▶ [Problem] Go to the line with "Twaalf 2e gehalte" in the records below, then output it and each following line exactly, up to and including the line with "7 Şubat 2025". Skip pictures and add nothing.

▶ [Supplied information]
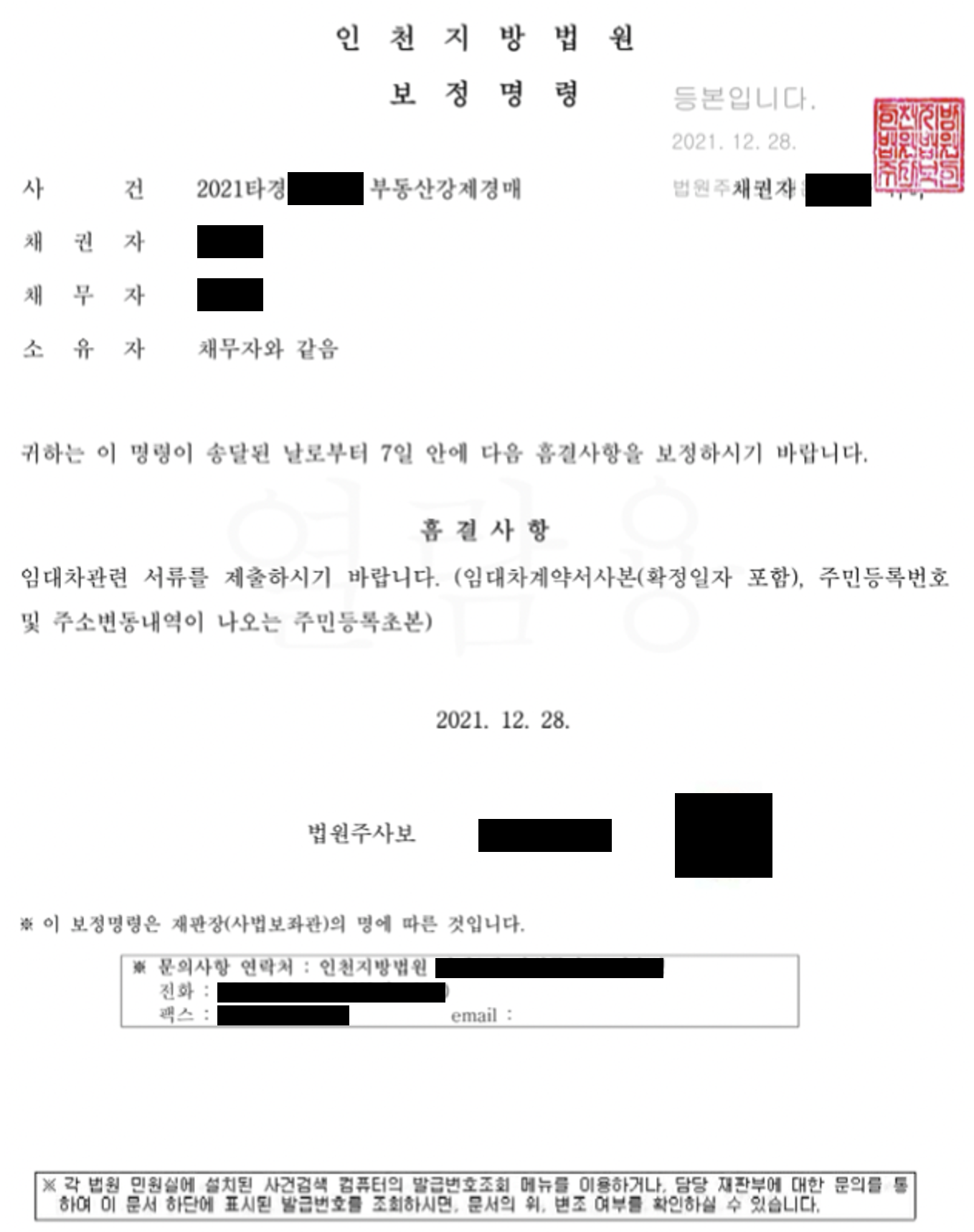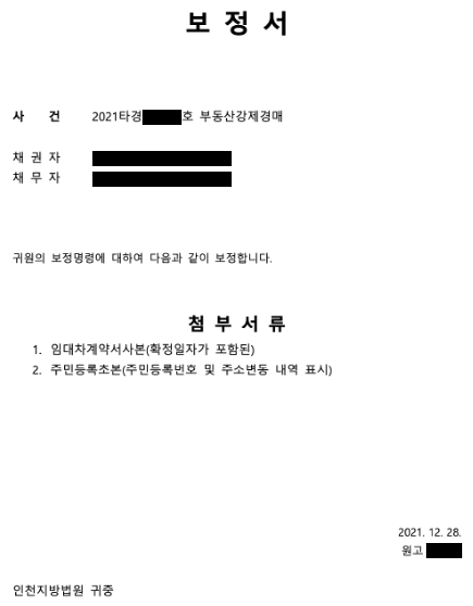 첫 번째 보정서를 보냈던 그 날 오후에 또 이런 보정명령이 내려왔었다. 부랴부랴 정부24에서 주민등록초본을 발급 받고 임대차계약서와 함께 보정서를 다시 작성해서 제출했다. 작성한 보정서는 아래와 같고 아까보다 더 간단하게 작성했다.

==

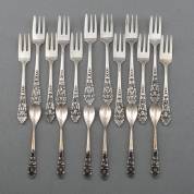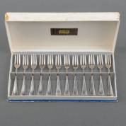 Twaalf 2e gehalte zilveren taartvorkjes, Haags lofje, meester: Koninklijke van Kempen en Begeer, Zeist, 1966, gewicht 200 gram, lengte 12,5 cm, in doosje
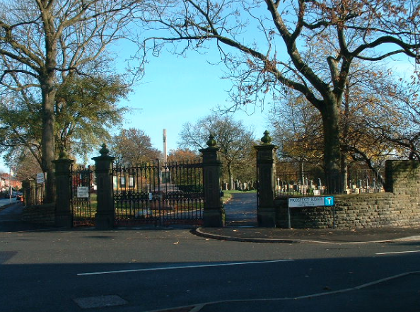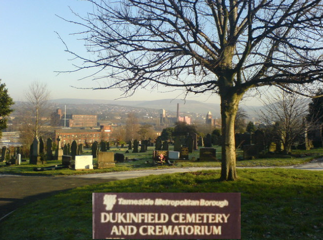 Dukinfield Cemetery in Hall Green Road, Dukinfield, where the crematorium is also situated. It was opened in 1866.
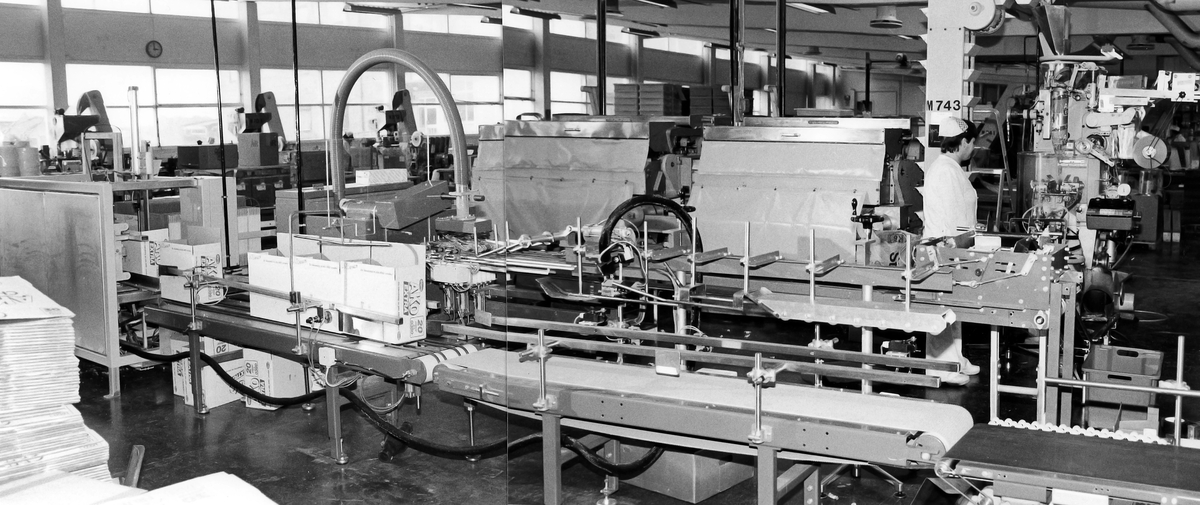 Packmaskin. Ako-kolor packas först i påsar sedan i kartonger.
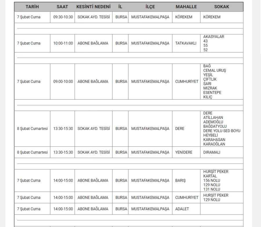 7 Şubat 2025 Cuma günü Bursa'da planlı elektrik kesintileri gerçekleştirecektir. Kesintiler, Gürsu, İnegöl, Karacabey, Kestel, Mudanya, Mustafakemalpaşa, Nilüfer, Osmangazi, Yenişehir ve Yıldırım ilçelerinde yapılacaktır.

▶ [Written response]
 Twaalf 2e gehalte zilveren taartvorkjes, Haags lofje, meester: Koninklijke van Kempen en Begeer, Zeist, 1966, gewicht 200 gram, lengte 12,5 cm, in doosje
 Dukinfield Cemetery in Hall Green Road, Dukinfield, where the crematorium is also situated. It was opened in 1866.
 Packmaskin. Ako-kolor packas först i påsar sedan i kartonger.
 7 Şubat 2025 Cuma günü Bursa'da planlı elektrik kesintileri gerçekleştirecektir. Kesintiler, Gürsu, İnegöl, Karacabey, Kestel, Mudanya, Mustafakemalpaşa, Nilüfer, Osmangazi, Yenişehir ve Yıldırım ilçelerinde yapılacaktır.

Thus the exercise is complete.